About Jacques CDs.

My Story, Louis Wright, Founder of JacquesCDs
I’ve never done things the traditional way, and to be honest, I’ve never really fit into those spaces. I grew up skateboarding, struggling with school, ADHD, and a bunch of things I didn’t fully understand at the time. I didn’t know where I belonged. I bounced between different phases and passions, but skating was the one constant. It gave me a sense of belonging, a space where no one cared where you were from, what you looked like, or how you spoke. It was just about showing up and doing your thing.
Skating, Sound and Belonging
Skating taught me about community, about expression, about creativity with whatever you’ve got in front of you. That stuck with me.

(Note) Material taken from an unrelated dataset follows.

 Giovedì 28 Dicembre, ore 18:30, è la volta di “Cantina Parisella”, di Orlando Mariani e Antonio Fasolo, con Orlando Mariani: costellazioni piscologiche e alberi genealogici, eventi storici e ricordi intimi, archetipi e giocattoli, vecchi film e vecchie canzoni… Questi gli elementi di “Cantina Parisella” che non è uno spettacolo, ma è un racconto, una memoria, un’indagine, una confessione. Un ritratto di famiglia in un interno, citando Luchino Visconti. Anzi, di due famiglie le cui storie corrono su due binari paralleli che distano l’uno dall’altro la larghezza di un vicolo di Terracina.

Music was the other thing that grounded me. The first time I properly listened to a record, Gregory Isaacs’ Night Nurse, I just lay there. I’d never felt so connected to sound before. That moment changed everything. I started collecting records, getting obsessed with the storytelling behind songs, especially ones that tell real, lived stories. That same obsession shows up in how I design now. It’s always about narrative, about turning feeling into form.
“I design through obsession. That’s where the storytelling starts.”
The Turning Point
In my second year of uni, I got seriously ill with meningitis. It knocked me hard and left me in a dark place. Not long after, one of my best mates was in an accident and I thought I might lose him. Everything felt heavy. I nearly dropped out, but I decided to take a break instead, to intermit.

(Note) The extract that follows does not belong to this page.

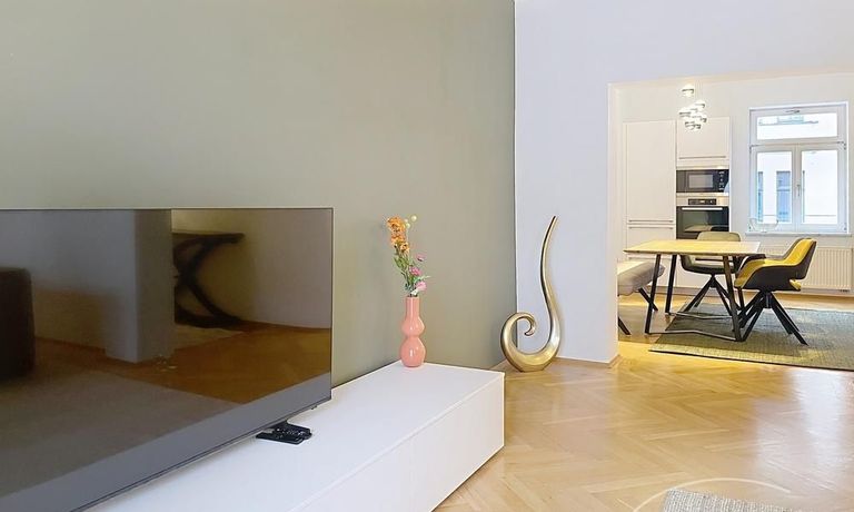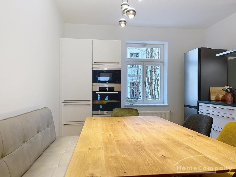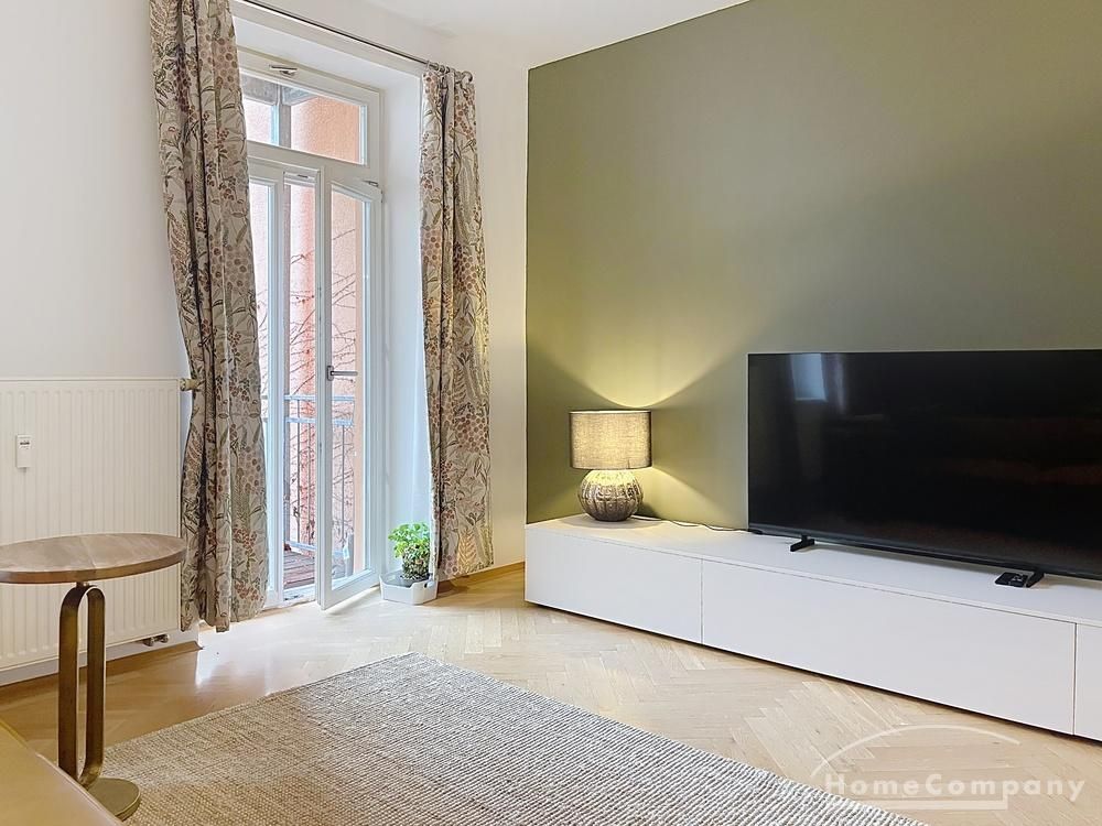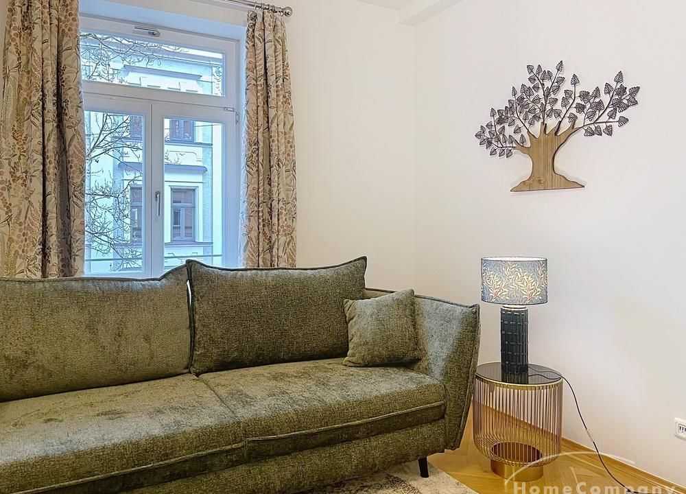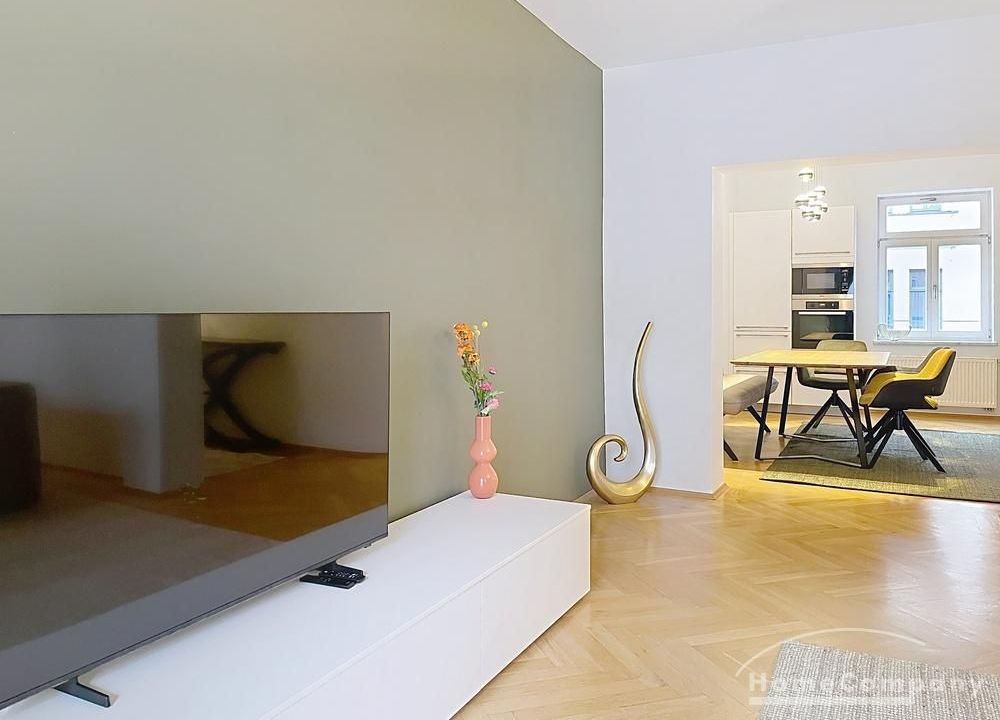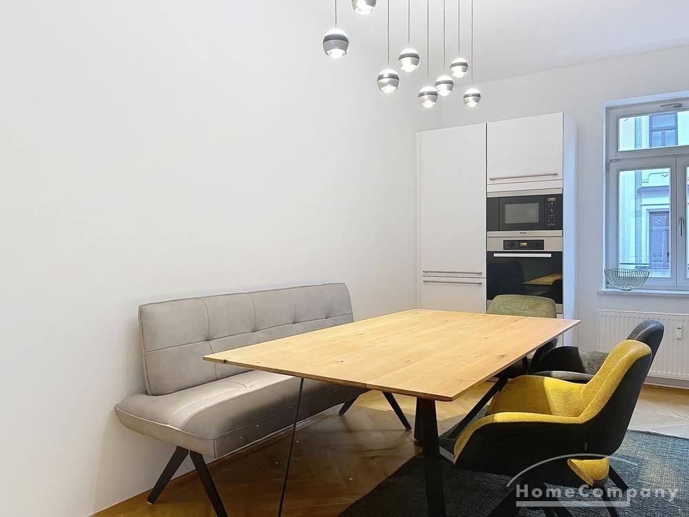 Der großzügige Wohn- und Essbereich bildet das Herzstück der Wohnung. Die moderne, voll ausgestattete Küche mit großem Essbereich ist offen zum Wohnzimmer gestaltet und schafft eine elegante, kommunikative Wohnatmosphäre. Das Wohnzimmer ist mit einer hochwertigen Ledercouch sowie TV ausgestattet und bietet direkten Zugang zum großen Balkon, der ruhig zum Hinterhof ausgerichtet ist.

During that time, I didn’t know what to do with myself. I wasn’t ready to go back to normal, but I needed something. I started messing around on Rhino, a 3D CAD software. One thing led to another and I ended up 3D printing a rough prototype of a jewellery piece. It sparked something. I remembered making a ring in school once and loving it. I’d always thought fashion or jewellery was something other people did, not me.

Learning the Craft
I had nothing to lose, so I went for it. I enrolled in a Level 3 jewellery diploma at the British Academy of Jewellery in London. I didn’t know anyone. I was nervous, but I showed up. And I ended up loving it. The process, the tools, the stories behind the designs, it all just clicked.
That course made me realise what I was actually passionate about. I felt like I’d found something that made sense. Something I could wake up for. Something that gave me space to create, to learn, and to express everything I’d never had the words for.
ADHD and Rediscovery
That same year I was finally diagnosed with ADHD. So much of my past made sense — the burnout, the paralysis, the pressure. I started on medication and my world flipped. For the first time, I could focus. I wrote an essay in one go and actually enjoyed it. That was massive for me.
I went back to uni and poured everything into my work. Every brief, every module, I twisted into something jewellery based. Even though I was studying product design, I made it mine. In my final year, I created a conceptual jewellery project imagining future worlds — and that’s when it clicked. I didn’t just want to design. I wanted to build something of my own.
Why I Started JacquesCDs
This brand didn’t come from a business plan. It came from chaos, obsession, recovery, skate culture, records, and trying to make meaning out of it all. JacquesCDs is where I put everything I’ve learned, everything I’ve lived through, and everything I want to share.
And that’s why I started JacquesCDs. To create pieces that are deeply personal. To tell stories that last. To give other people the space to tell theirs too.